EXTRACTED RECORDS:

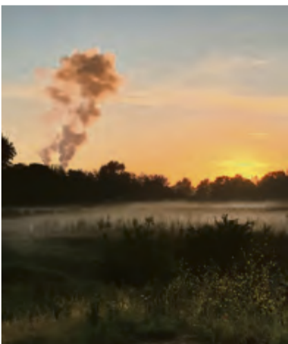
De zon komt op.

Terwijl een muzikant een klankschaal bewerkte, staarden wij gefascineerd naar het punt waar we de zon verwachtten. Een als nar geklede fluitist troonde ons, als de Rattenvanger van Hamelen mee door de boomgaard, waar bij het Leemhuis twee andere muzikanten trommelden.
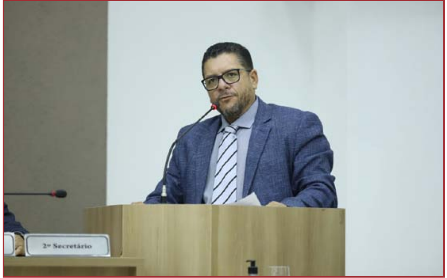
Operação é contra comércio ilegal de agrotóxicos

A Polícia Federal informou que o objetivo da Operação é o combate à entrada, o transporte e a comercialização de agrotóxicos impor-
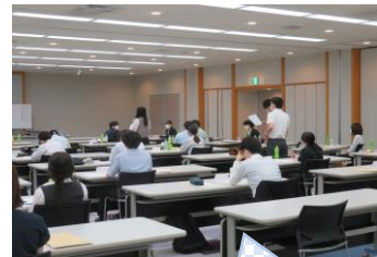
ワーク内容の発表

* * *

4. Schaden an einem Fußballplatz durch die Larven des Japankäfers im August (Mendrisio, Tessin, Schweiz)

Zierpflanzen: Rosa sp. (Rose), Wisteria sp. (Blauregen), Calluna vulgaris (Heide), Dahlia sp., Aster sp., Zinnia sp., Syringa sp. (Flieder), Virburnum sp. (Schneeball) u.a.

WHAT IS NEEDED: Only one stretch of the data above is needed. Restate it word for word, from the line containing "4. Schaden an" through the line containing "Zierpflanzen: Rosa sp.", both ends included.

RESPONSE BELOW:
4. Schaden an einem Fußballplatz durch die Larven des Japankäfers im August (Mendrisio, Tessin, Schweiz)

Zierpflanzen: Rosa sp. (Rose), Wisteria sp. (Blauregen), Calluna vulgaris (Heide), Dahlia sp., Aster sp., Zinnia sp., Syringa sp. (Flieder), Virburnum sp. (Schneeball) u.a.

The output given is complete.